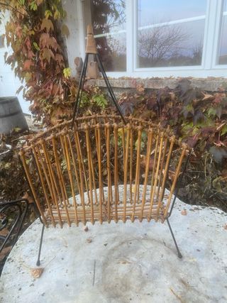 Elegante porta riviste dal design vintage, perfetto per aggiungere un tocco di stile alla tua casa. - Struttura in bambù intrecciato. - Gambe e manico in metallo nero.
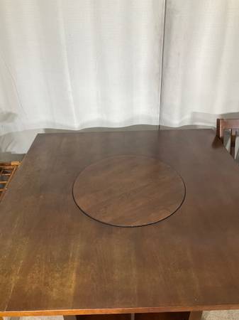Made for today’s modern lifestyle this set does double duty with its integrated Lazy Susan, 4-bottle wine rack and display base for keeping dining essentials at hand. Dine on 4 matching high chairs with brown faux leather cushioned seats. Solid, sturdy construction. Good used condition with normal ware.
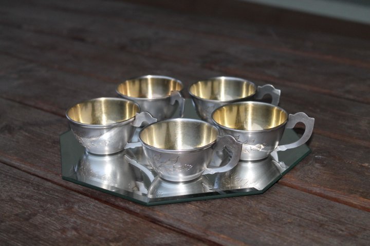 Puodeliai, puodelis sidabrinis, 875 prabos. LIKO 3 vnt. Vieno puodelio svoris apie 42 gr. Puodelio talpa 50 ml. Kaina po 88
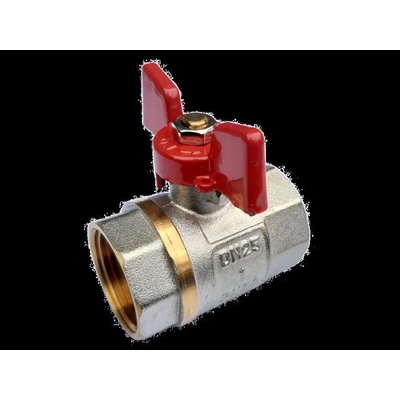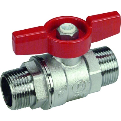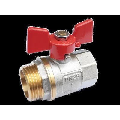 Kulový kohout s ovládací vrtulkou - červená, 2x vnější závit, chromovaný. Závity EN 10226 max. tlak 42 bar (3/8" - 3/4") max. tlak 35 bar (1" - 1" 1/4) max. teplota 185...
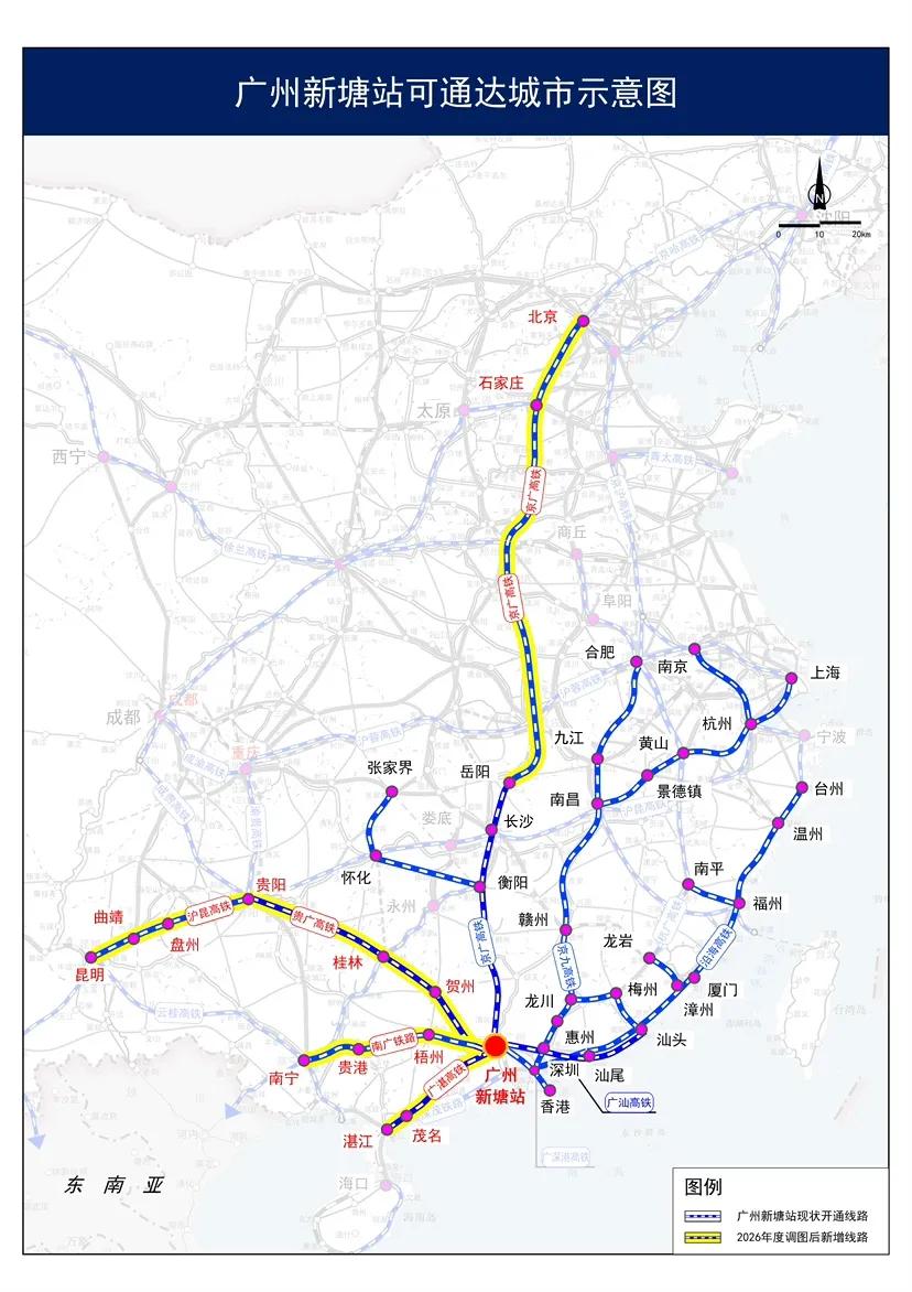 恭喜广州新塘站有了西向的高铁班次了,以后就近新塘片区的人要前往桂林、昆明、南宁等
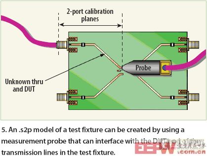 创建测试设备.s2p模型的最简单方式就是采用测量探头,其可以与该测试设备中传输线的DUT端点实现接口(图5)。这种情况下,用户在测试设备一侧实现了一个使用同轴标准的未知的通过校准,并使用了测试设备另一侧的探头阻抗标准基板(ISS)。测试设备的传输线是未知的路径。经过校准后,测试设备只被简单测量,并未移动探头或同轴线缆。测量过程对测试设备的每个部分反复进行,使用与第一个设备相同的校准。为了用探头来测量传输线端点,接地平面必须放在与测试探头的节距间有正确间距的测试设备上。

# # # # # # #

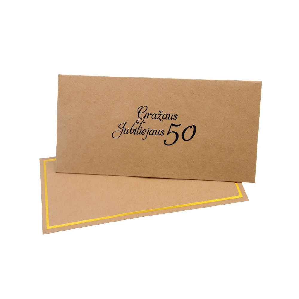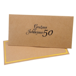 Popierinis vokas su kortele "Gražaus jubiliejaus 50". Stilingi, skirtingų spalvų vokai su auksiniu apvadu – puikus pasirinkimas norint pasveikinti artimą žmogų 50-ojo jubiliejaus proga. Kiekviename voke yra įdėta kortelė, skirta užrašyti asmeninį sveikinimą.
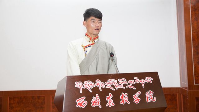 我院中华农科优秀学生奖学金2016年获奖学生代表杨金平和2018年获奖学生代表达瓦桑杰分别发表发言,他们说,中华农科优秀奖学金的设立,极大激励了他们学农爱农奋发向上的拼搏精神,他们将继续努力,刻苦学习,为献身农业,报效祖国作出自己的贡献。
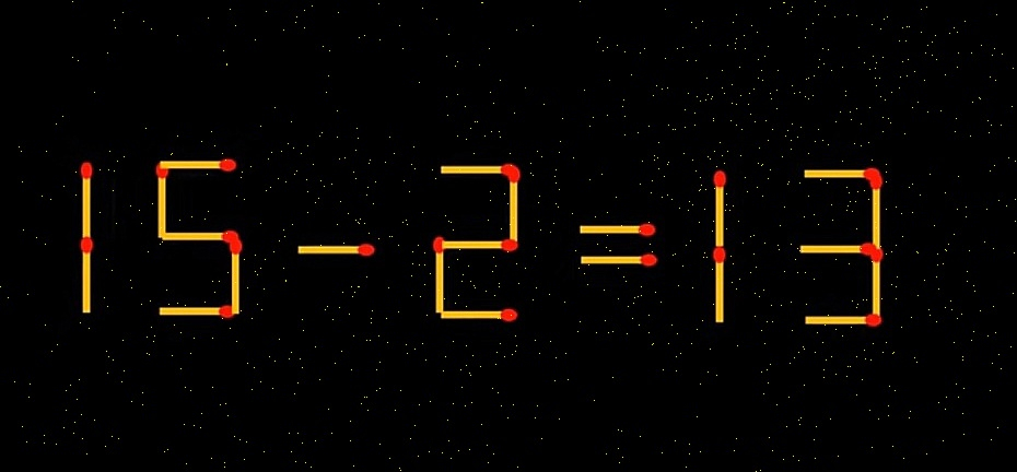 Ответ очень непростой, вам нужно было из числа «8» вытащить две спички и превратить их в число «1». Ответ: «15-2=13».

# # # # # # #

**EXERCISE REQUIREMENTS:**
Transcribe, word for word, the lines of the listing above from the one that contains "我院中华农科优秀学生奖学金2" through the one that contains "Ответ очень непростой, вам", keeping both ends and dropping the pictures.

**ANSWER TO THIS PROBLEM:**
 我院中华农科优秀学生奖学金2016年获奖学生代表杨金平和2018年获奖学生代表达瓦桑杰分别发表发言,他们说,中华农科优秀奖学金的设立,极大激励了他们学农爱农奋发向上的拼搏精神,他们将继续努力,刻苦学习,为献身农业,报效祖国作出自己的贡献。
 Ответ очень непростой, вам нужно было из числа «8» вытащить две спички и превратить их в число «1». Ответ: «15-2=13».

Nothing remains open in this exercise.